Their laboratory complete, the doctors took their first tour of Chinatown, accompanied by police officers. The district was “shockingly unsanitary,” they would later write. Its “rooms are small; they are often entirely devoid of light or means of ventilation . . . many of them are filthy; some of them, especially those situated in bas
ements, are damp and emit a foul stench.” Prostitution was rife, allowing venereal disease to spread without constraint. Yet even so, they noted with grim irony, the rooms in which the prostitutes lived were “on the whole, more wholesome in some regards [such as] air space, light, ventilation and cleanliness than those of the other inhabitants of the district.”
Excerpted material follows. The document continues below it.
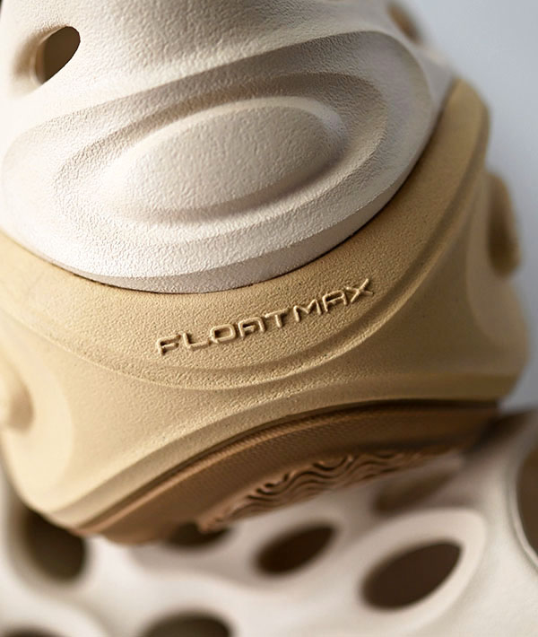 アッパー素材に藻類バイオマスから生成されたサステナブル素材BLOOMフォームを採用し、また新たに改良されたヒール構造によりスムーズな着脱を可能にしました。さらにクッション性の高いFLOATMAXフォームミッドソールにより快適性が向上。接地面には、トラクション性と耐久性を向上させるラバーアウトソールを搭載することで、全地形対応型のHYDRO MOCが誕生しました。

On their tenth day in San Francisco, they found their first plague victim. The body of Chu Ah Chon, a forty-four-year-old actor, was discovered in a room above a theater at 814 Washington Street and carted to a nearby undertaker’s shop. The commission members examined the corpse in a dimly lit back room. Large bluish spots, a sign of internal bleeding that was often present on plague victims in India, dotted the man’s legs, while the glands in the neck, groin and armpits bulged. Typically, such clear evidence of plague would have pressed the doctors into conducting an immediate autopsy. Yet owing to the protests of their Chinese interpreter, who voiced his revulsion at any form of bodily mutilation, they agreed to make only the minimal incisions required to take tissue samples. They rushed the material back to their City Hall laboratory, where Novy, like Kinyoun before him, inoculated a guinea pig with cultures he isolated from the man’s body. The animal soon developed symptoms of plague and died a few days later, confirming that Chu was the twenty-sixth known victim of the epidemic. “Plague was present beyond possible doubt,” Novy wrote in his notebook.
Perhaps recognizing that the men he was now working with were more willing to respect Chinese customs than Kinyoun, who would concede nothing in his search for medical evidence, their interpreter soon informed them of several people suffering from apparent plague symptoms whose identities were known to the Chinese Six Companies but who had remained hidden from Western health officials. The commission members examined more than a dozen patients, marking the first time that living carriers of the disease were officially recorded.